#### INPUT RECORDS ####

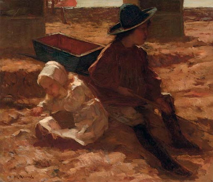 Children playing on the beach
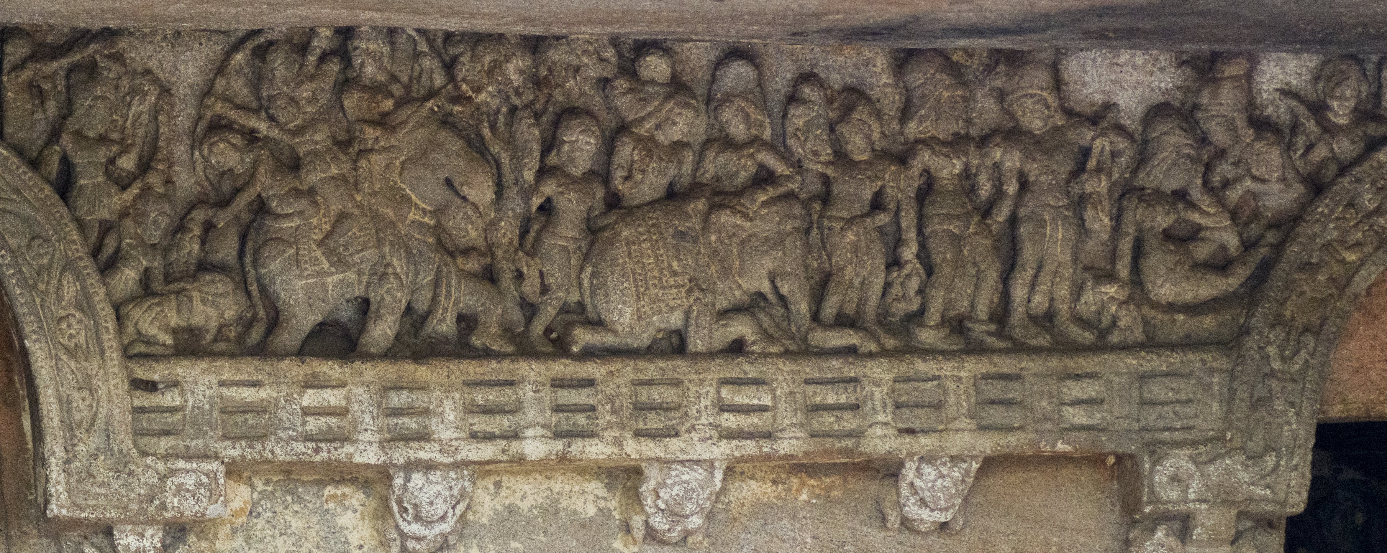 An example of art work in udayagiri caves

####
#### INPUT RECORDS ####

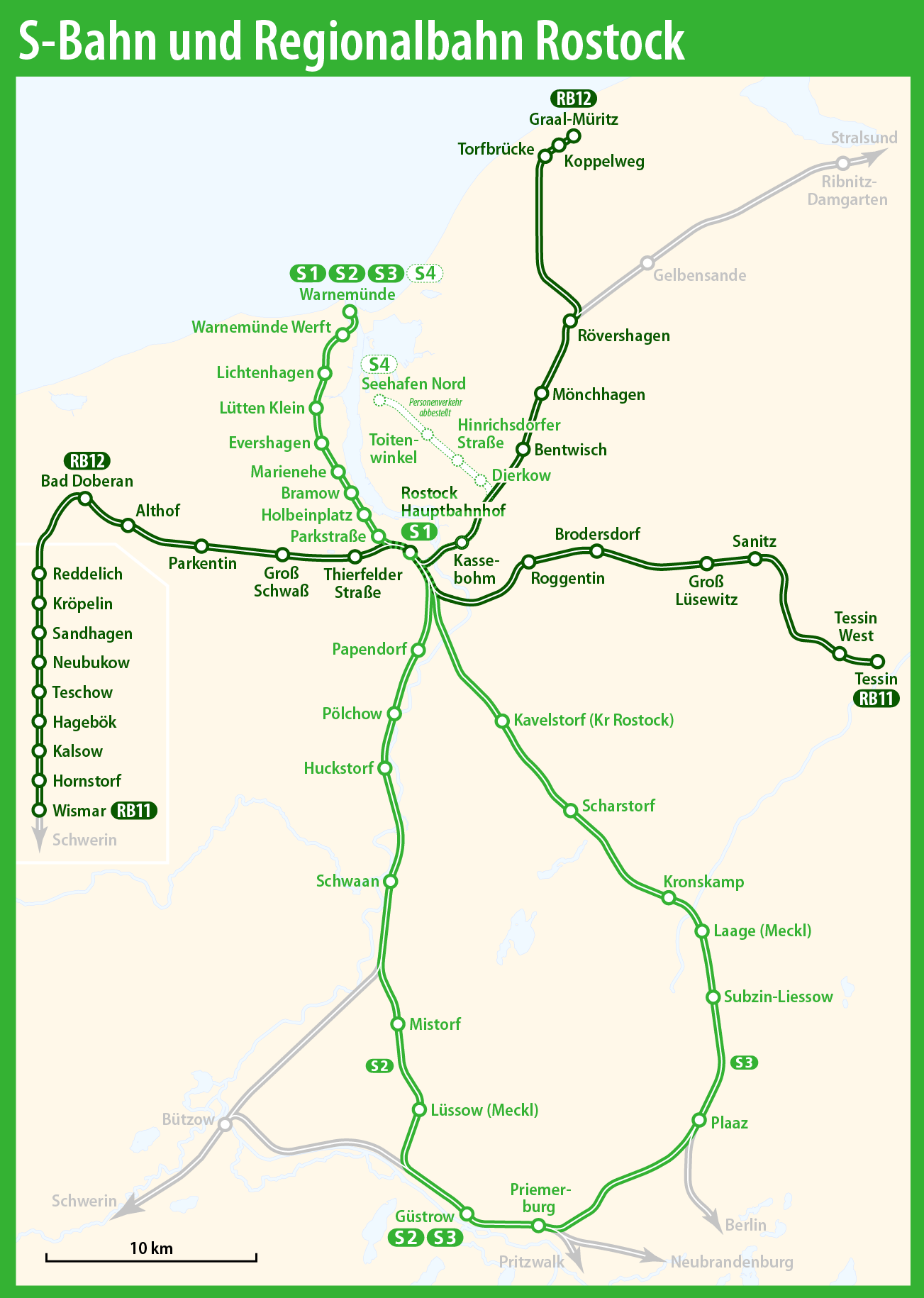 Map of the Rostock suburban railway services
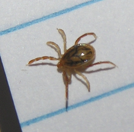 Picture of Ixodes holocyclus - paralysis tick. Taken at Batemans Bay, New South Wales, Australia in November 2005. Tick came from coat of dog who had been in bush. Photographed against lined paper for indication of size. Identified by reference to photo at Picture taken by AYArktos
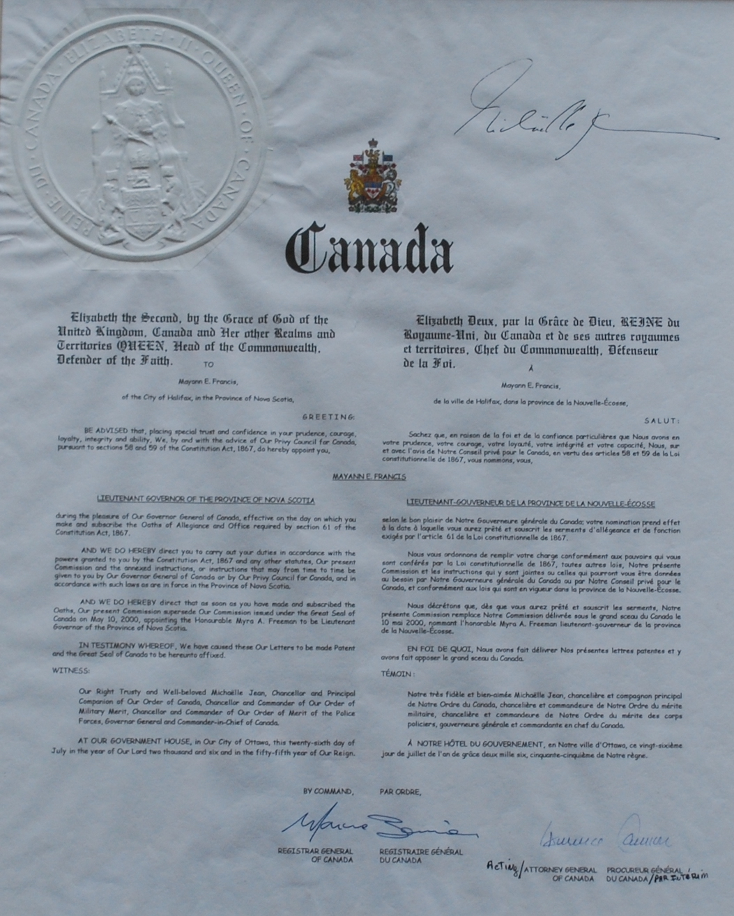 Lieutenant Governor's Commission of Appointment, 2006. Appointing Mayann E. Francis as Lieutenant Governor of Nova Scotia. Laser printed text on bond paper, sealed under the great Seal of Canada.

####

WHAT TO DO
The copy should hold exactly the lines above from the one with "Children playing on the beach" through the one with "An example of art work in udayagiri caves", both ends counted, and no pictures at all.

EXERCISE RESPONSE
 Children playing on the beach
 An example of art work in udayagiri caves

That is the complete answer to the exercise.